I was reading the China debt thread and I starting wondering - as these bailout loans get repaid, are we going to pay down the corresponding debt? Should we? Or is it like a student loan where the rate is so low that you can use the money to finance other projects, doubling down on the stimulus?
My guess is that it wouldn't go towards paying off the debt. I hope they do pay off the debt, but the government gives me little reason to believe they will.
I agree. One of the characteristics of a democratic country is perpetual budget deficit. That's pretty natural because politicians are always short-sighted animals who always make big promises backed by other people's money. But Ben discovered that we can print money, so there is hope.

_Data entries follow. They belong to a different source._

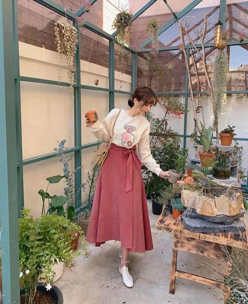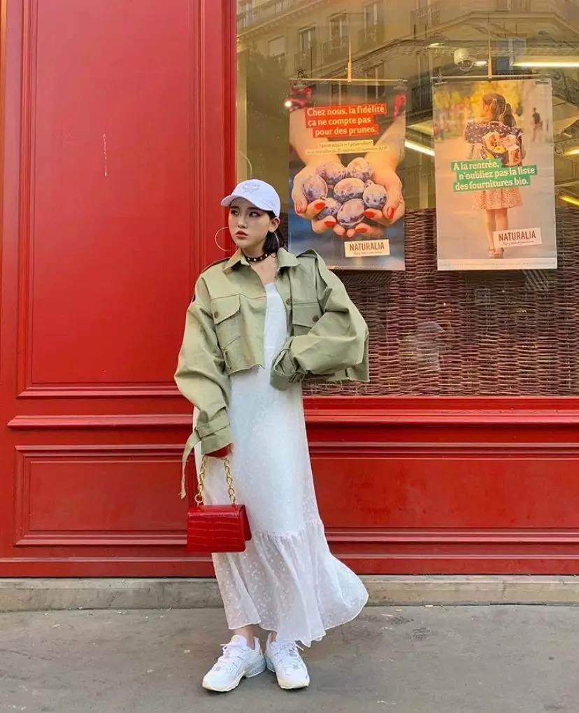 元气减龄的涂鸦款式卫衣,与温柔感满满的伞裙组合在一起,自带青春休闲的复古气息。打破了整体的单调感,整个look活泼中带着柔美。
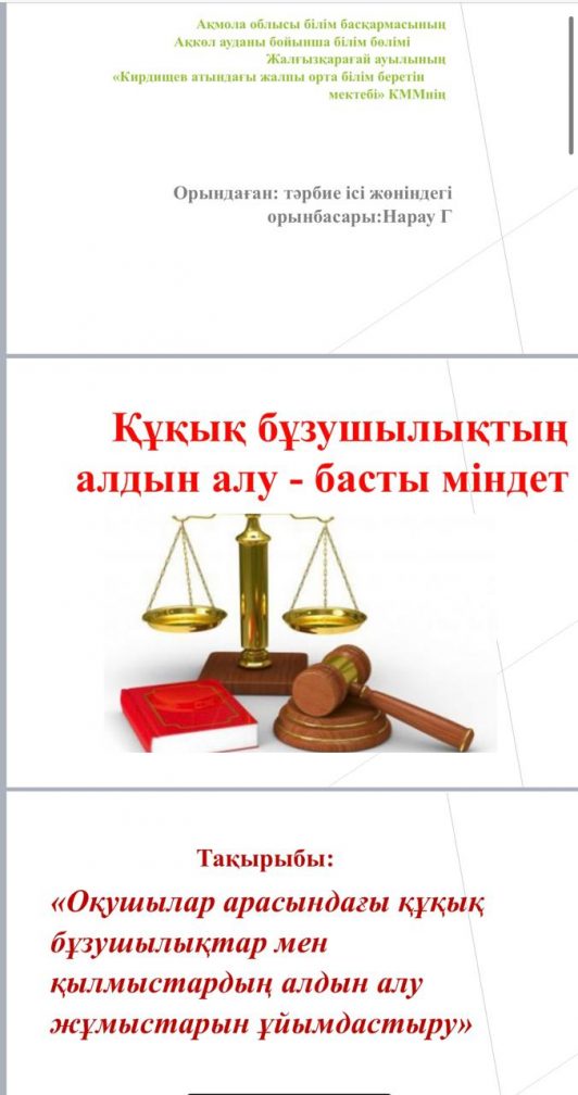 17.01.2025ж Директордың ТІМ Нарау Гульмерей "Құқық бұзушылықтың алдын алу" тақырыбында аудандық семинарда баяндама оқыды
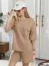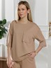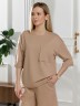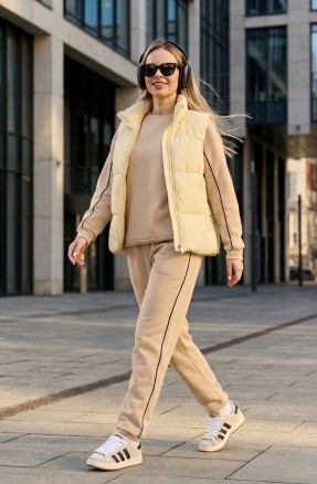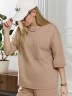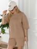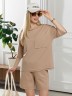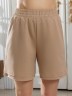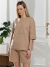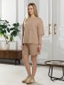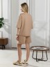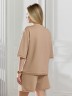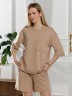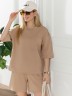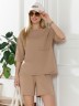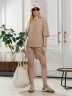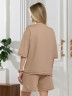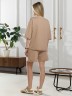 Костюм женский из гладкокрашеного трикотажного полотна "футер с вискозой", состоящий из футболки и шорт.Футболка - свободного покроя, с горловиной овальной формы, обработанной втачной планкой из основного материала, спущенной линией плеча, короткими втачными рукавами, с нагрудным карманом, настроченным на полочку. Нижние срезы рукавов и изделия выполнены без подгибки с имитацией второго слоя.Шорты – средней длины, свободные, на притачном поясе с эластичной тесьмой внутри, карманами в боковых швах. Нижние срезы шорт без подгибки с имитацией второго слоя.
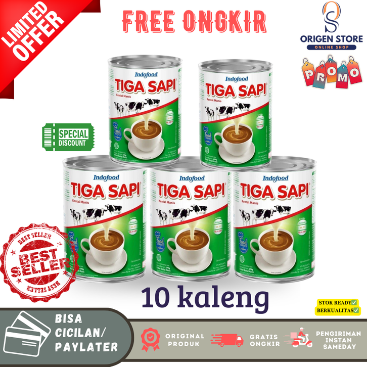 Tiga Sapi Susu Kental Manis 490 Gram x 10 Kaleng
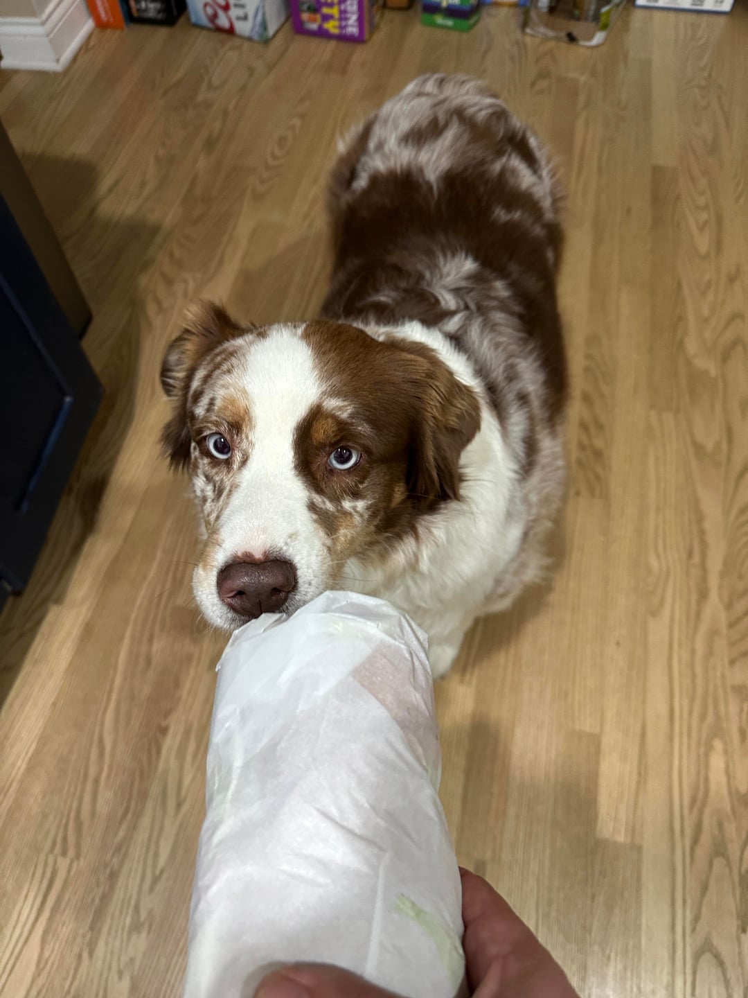 I want to pet your dog! And that sandwich looks great.

It could. Repayment of the S&L bailout did reap some pre-inflation profit and the parties who participated in the LTCM corporate bailout did come out ahead, but it's wildy optimistic to assume the toxi...troub...err legacy assets will make money with current market prices. I think the ones the government already took over as collateral was at a wildy different market value, and the ones to be sold under the PPIP, should there be enough players to sell it, is rigged so that the risk is borne on the taxpayer, and the most we can hope for is ~half the profits. So you get the feel that our economic policy makers didn't hinge their actions upon making money, but rather mitigating the price tag for bailing out financial institutions based upon their own measurements of total losses. Converting our preferred stock into common was one of those crafty examples of bailing out without going through Congress. And it's still my opinion that the government has staked too much in the trash for cash program to admit any further devaluation of their and the banks' toxic assets. But we could very well be sitting on a trillion dollar windfall over several years based upon a purely optimistic and speedy financial recovery. Or maybe repayment will pace out to match the interest payments we'll pay for our expected trillion/year federal budgets for the next decade.
It will be used just like the surplus from the late '90s: Republicans will want another tax cut, and Dems will want to "save Social Security" or finance new or existing stimulus. The path the electorate tells them to choose depends on how economy's doing when or if the bailouts get paid back.